(Required action): When you reach the line that holds "世界杯结束后,英超马不停蹄的", start copying exactly and keep going through the final line of the data, leaving out pictures.

(Source material):
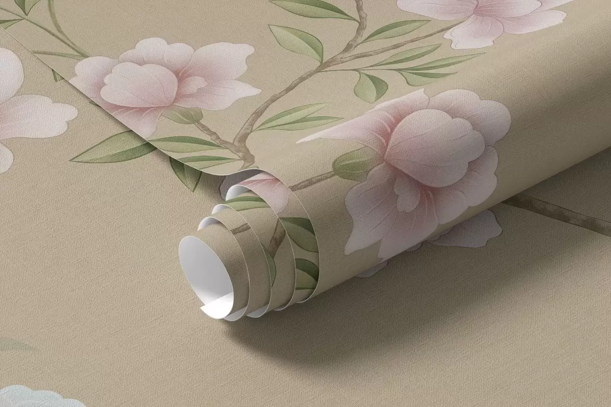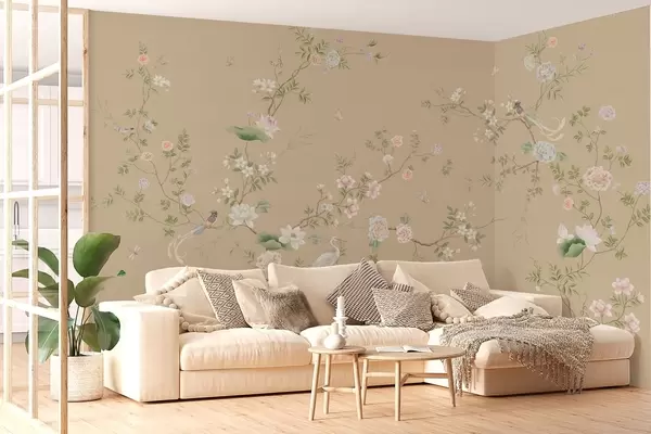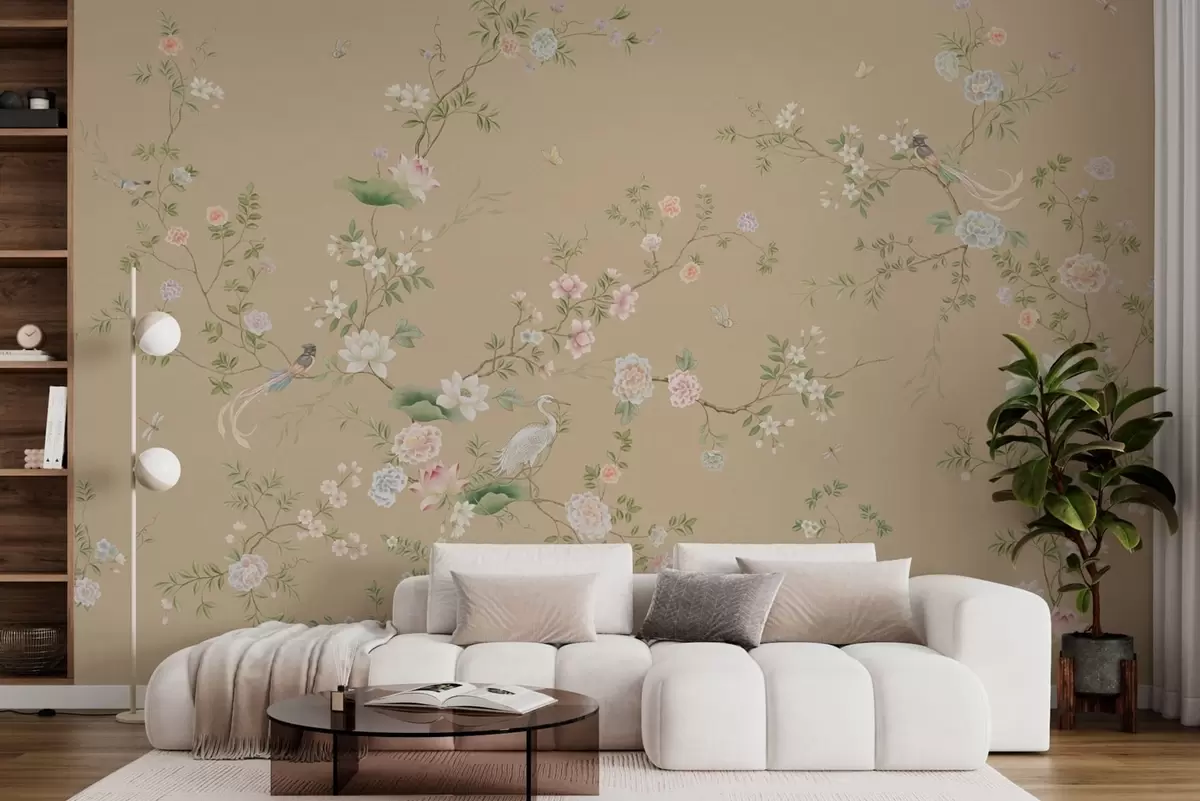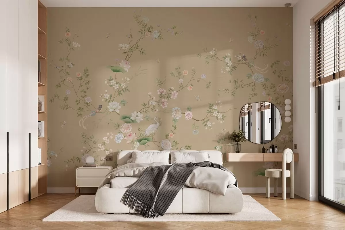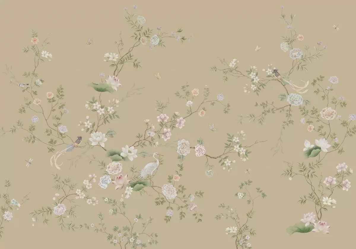 Τοιχογραφίες Ανθισμένα κλαδιά με πουλιά σε ζεστό μπεζ χρώμα Nr. w05416v2
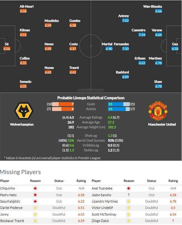 世界杯结束后,英超马不停蹄的迎来了节礼日的连续快车赛程,而在上轮狼队面对着保级球队埃弗顿,比赛中狼队早早出现失球,不过随后球队很快的扳平了比分,并在下半场补时阶段凭借着艾特努里的绝杀球以2-1的比分取胜对手,而这也是新任主帅洛佩特吉上任以来首度联赛胜利,而从人员上来看,本场狼队也是迎来利好,包括二号射手波登斯、中前卫布巴卡特劳雷、主力边后卫乔尼目前都已经伤愈可以出战,但是值得注意的是本赛季狼队进攻端发挥低迷,在希门尼斯、科斯塔、黄喜灿等人均状态不佳的情况下,目前16轮战罢球队仅有10个进球,是目前联赛进攻端最差的队伍。本场面对着拥有利马和瓦拉内等人的曼联后防,狼队想要进球难度也不小。
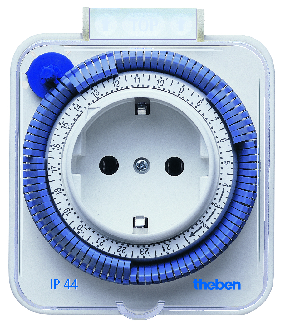 Kompakter Zeitprogrammstecker, mit Spritzwasserschutz (IP 54), Tageszeitprogramm durch 96 Segmente im Abstand von 15 Min. programmierbar, Handschalter für Schaltungsvorwahl

(Response below):
 世界杯结束后,英超马不停蹄的迎来了节礼日的连续快车赛程,而在上轮狼队面对着保级球队埃弗顿,比赛中狼队早早出现失球,不过随后球队很快的扳平了比分,并在下半场补时阶段凭借着艾特努里的绝杀球以2-1的比分取胜对手,而这也是新任主帅洛佩特吉上任以来首度联赛胜利,而从人员上来看,本场狼队也是迎来利好,包括二号射手波登斯、中前卫布巴卡特劳雷、主力边后卫乔尼目前都已经伤愈可以出战,但是值得注意的是本赛季狼队进攻端发挥低迷,在希门尼斯、科斯塔、黄喜灿等人均状态不佳的情况下,目前16轮战罢球队仅有10个进球,是目前联赛进攻端最差的队伍。本场面对着拥有利马和瓦拉内等人的曼联后防,狼队想要进球难度也不小。
 Kompakter Zeitprogrammstecker, mit Spritzwasserschutz (IP 54), Tageszeitprogramm durch 96 Segmente im Abstand von 15 Min. programmierbar, Handschalter für Schaltungsvorwahl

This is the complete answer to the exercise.